What should you do? Resist price chips for UK tax on inherent gains
If a buyer is proposing to acquire a UK land rich company or other vehicle, and the market value of the property (or shares in a property holding company) exceeds its tax base cost, then the buyer may seek a price reduction to reflect the UK tax charge that will arise in the future when this gain is realised. In view of the exemption election regime outlined above, many funds and other CIVs can now effectively achieve a tax-free step-up in the base cost of UK real estate assets. The way this is achieved is not wholly straight-forward, and sellers should be aware of how this benefit can be achieved by a buyer so that they can resist price chips. It is also important that buyers are aware of this so that they can be competitive when seeking to acquire UK real estate.
What has changed? Corporation tax on rent
Overseas investors have generally structured their investments to include significant levels of investor debt so that they can use interest and other finance costs to shelter UK rental income profits from UK tax. On 6 April 2020, the UK moved non-UK tax resident companies investing in UK real estate into the UK corporation tax regime (from the UK income tax regime), potentially resulting in significantly more UK tax being paid by these companies on UK rental income profits.
The main consequence of this change is that these companies are now subject to certain rules restricting UK tax deductions for finance costs, including the corporate interest restriction rules that, broadly, limit tax deductions for third-party and related-party finance costs to 30% of EBITDA or, if higher, £2 million per annum, per defined corporate group. In addition, they are subject to rules that limit tax deductions for finance costs where certain hybrid entities or instruments are used and rules that limit the ability to utilise carried forward surplus expenses and losses.
What should you do? Navigate the new world of restrictions on finance costs
In respect of assets with a gross value of up to circa £40 million, it may be possible to structure the investment so that the property-holding entity does not form part of a wider corporate group and can obtain tax deductions for finance costs of up to £2 million per annum. In many cases, this will eliminate the impact of the corporate interest restriction rules mentioned above. For higher value assets, depending on the mix of investors, it may be possible to take other steps to structure investments (and in certain cases re-structure existing investments) to mitigate the effect of the restriction on tax deductions for finance costs.
What has changed? More difficult to buy UK real estate free of UK transfer tax
Due to a potential UK transfer tax saving of circa 5% of the price in most cases, there is an advantage of buying a company or other vehicle owning UK real estate rather than buying the underlying real estate asset(s). Sellers often need to take steps pre-sale to ensure that their structure facilitates a corporate sale. However, as a result of a recent court case, the potential UK transfer tax saving may be lost in some cases if a seller undertakes these steps after a buyer has come on to the scene.

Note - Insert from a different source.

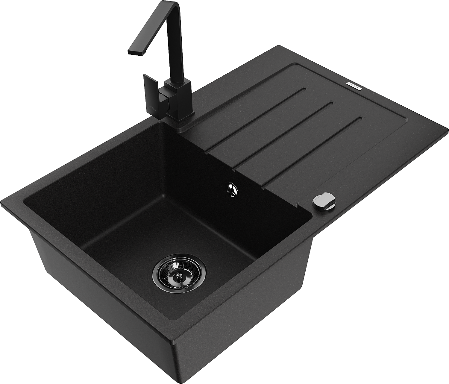 Mexen Bruno granito kriauklė 1-dubens su nusausintuvu ir virtuviniu maišytuvu Rita, juoda - 6513-77-670300-70-B
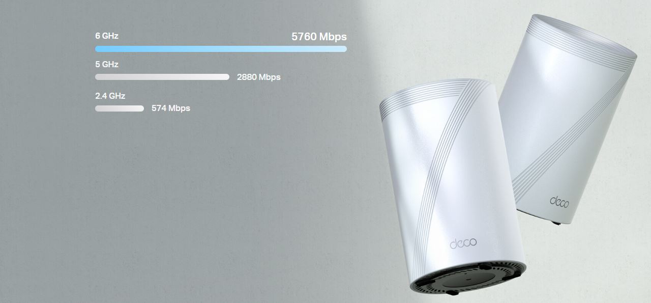 Wi-Fi 7 naplno využívá potenciál technologie 4K-QAM a pásma 6 GHz s kanály o šířce až 320 MHz a poskytuje bezprecedentní rychlost Wi-Fi až 9214 Mb/s. Nové pásmo 6 GHz poskytuje výjimečnou šířku pásma bez přetížení kanálů.

What should you do? Early pre-sale planning
Sellers should be reviewing their structures and taking any steps that may help facilitate an onward sale of a company or other vehicle owning UK real estate earlier than they would have done previously and, in particular, prior to going to market or otherwise engaging with potential buyers. By doing this, sellers can preserve the potential UK transfer tax benefit for buyers and secure a higher price to reflect this.
* This GT Alert is limited to non-U.S. matters and law.